The Race to Remanufacture

by Derek Guest

Source: The Engineer

3D printing is giving old machines and equipment a new lease of life. But can the new technology perform as well as the original part?

The 3D printing industry is 'choking off its own revolution'. Those were the words of designer Francis Bitoniti earlier this summer, as he described how the technology had become associated with toy-like machines and overpriced materials.

The problem is that the promise of 3D printing often can often be vastly different  from the reality. The technology has been hailed as the solution to everything from self-assembling furniture to custom-made prosthetics. In reality, however, 3D printing has largely been confined to creating prototypes rather than the final product.

But while consumer products have proven difficult for technology, there is one area that is beginning to benefit hugely from 3D printing: remanufacturing. The process involves the disassembly of products, during which  parts are cleaned, repaired or replaced then reassembled. It can often be costly, time consuming and labour intensive. But 3D printing could change that.
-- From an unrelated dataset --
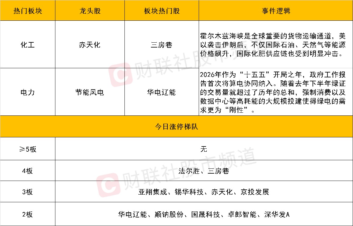 化工股继续在分歧中前行,三房巷4连板,赤天化打开高度,潞化科技、金正大、双欣材料等涨停助攻,还有金牛化工、金瑞矿业等高位人气股趋势向上。该方向还是以地缘冲突为底,霍尔木兹海峡是全球重要的货物运输通道,国际石油、天然气等能源价格飙升,进而传导至其它相关的化工品类。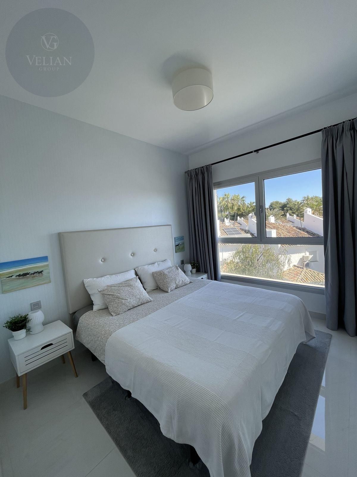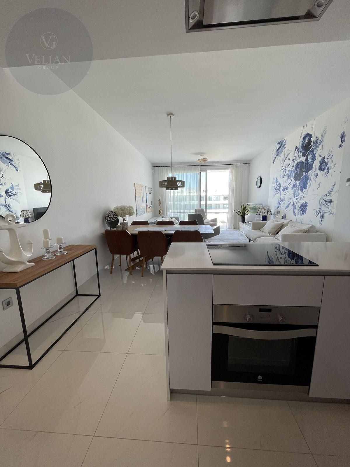 El espacioso apartamento cuenta con 3 dormitorios, 2 baños, salón-cocina abierta y una bonitas terrazas. En la planta superior encontramos un impresionante solárium con magníficas vistas.

"Remanufacturing is more efficient than recycling because only a small portion of the part needs to be remade instead of the entire thing," Dr Jason Jones, co-founder and chief executive of Hybrid Manufacturing Technologies, told The Engineer.

Remanufacturing recaptures the value given to the product when it was first manufactured. While it is an ideal solution in terms of cost and energy, for older machines it can prove difficult to get the needed parts to replace those that are worn or broken. That is where 3D printing can help.